Task directions: Please restate every entry exactly. Leave out the pictures.

Supplied material:
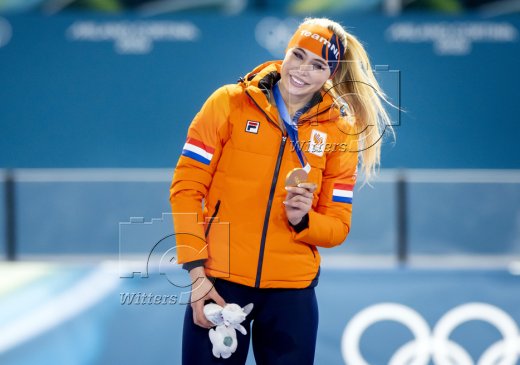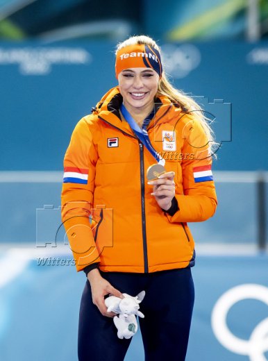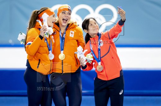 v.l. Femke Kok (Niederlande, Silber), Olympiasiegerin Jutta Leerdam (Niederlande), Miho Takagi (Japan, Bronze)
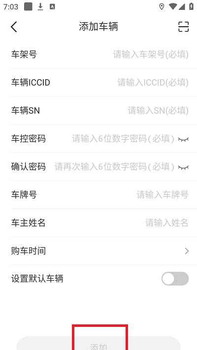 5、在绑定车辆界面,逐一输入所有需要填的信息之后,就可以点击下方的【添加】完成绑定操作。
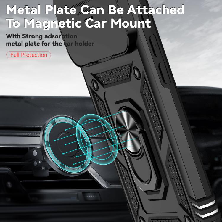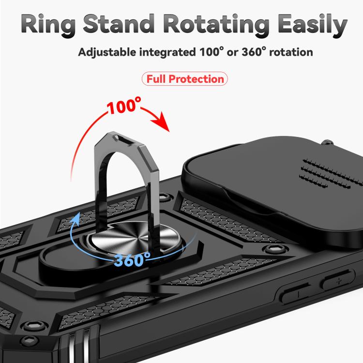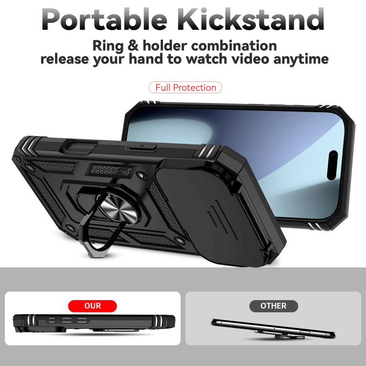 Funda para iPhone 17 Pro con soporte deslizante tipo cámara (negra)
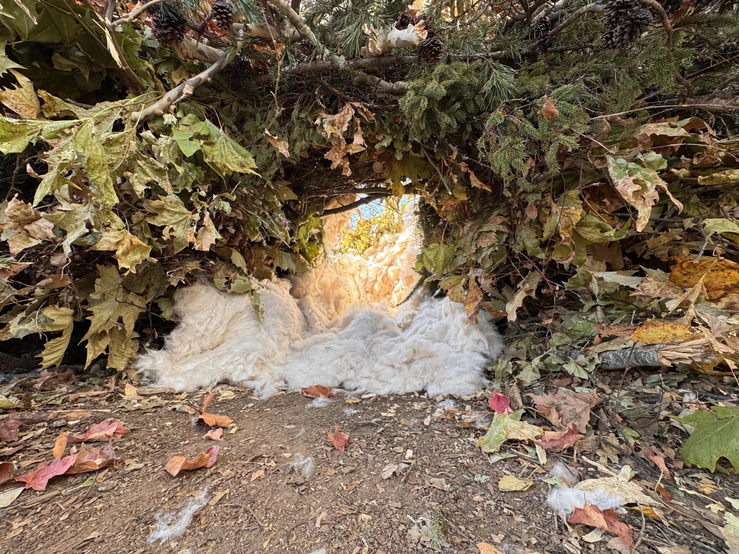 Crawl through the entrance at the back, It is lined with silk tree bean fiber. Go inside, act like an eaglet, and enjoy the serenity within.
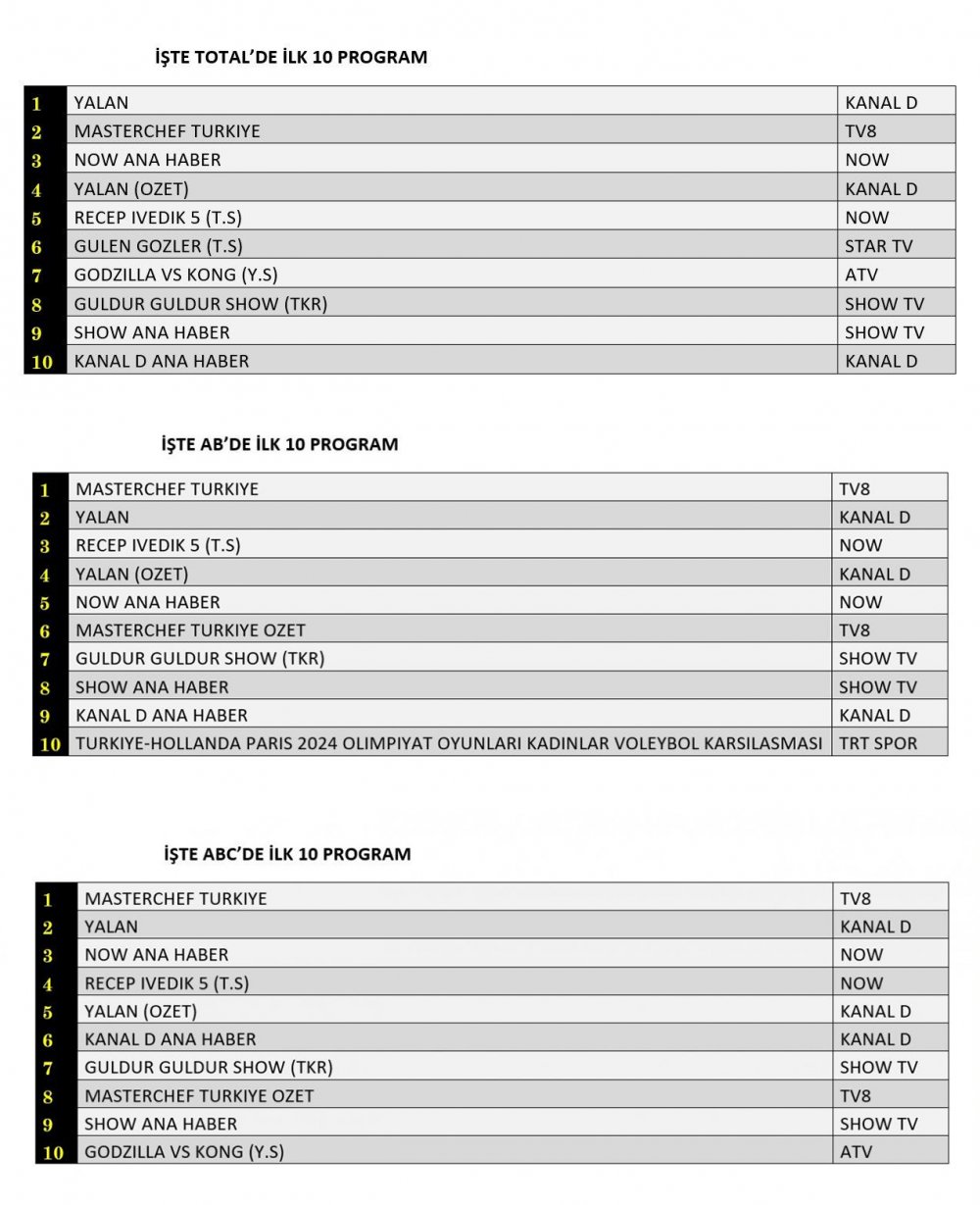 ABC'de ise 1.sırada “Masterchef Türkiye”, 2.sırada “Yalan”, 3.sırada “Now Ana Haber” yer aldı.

Output:
 v.l. Femke Kok (Niederlande, Silber), Olympiasiegerin Jutta Leerdam (Niederlande), Miho Takagi (Japan, Bronze)
 5、在绑定车辆界面,逐一输入所有需要填的信息之后,就可以点击下方的【添加】完成绑定操作。
 Funda para iPhone 17 Pro con soporte deslizante tipo cámara (negra)
 Crawl through the entrance at the back, It is lined with silk tree bean fiber. Go inside, act like an eaglet, and enjoy the serenity within.
 ABC'de ise 1.sırada “Masterchef Türkiye”, 2.sırada “Yalan”, 3.sırada “Now Ana Haber” yer aldı.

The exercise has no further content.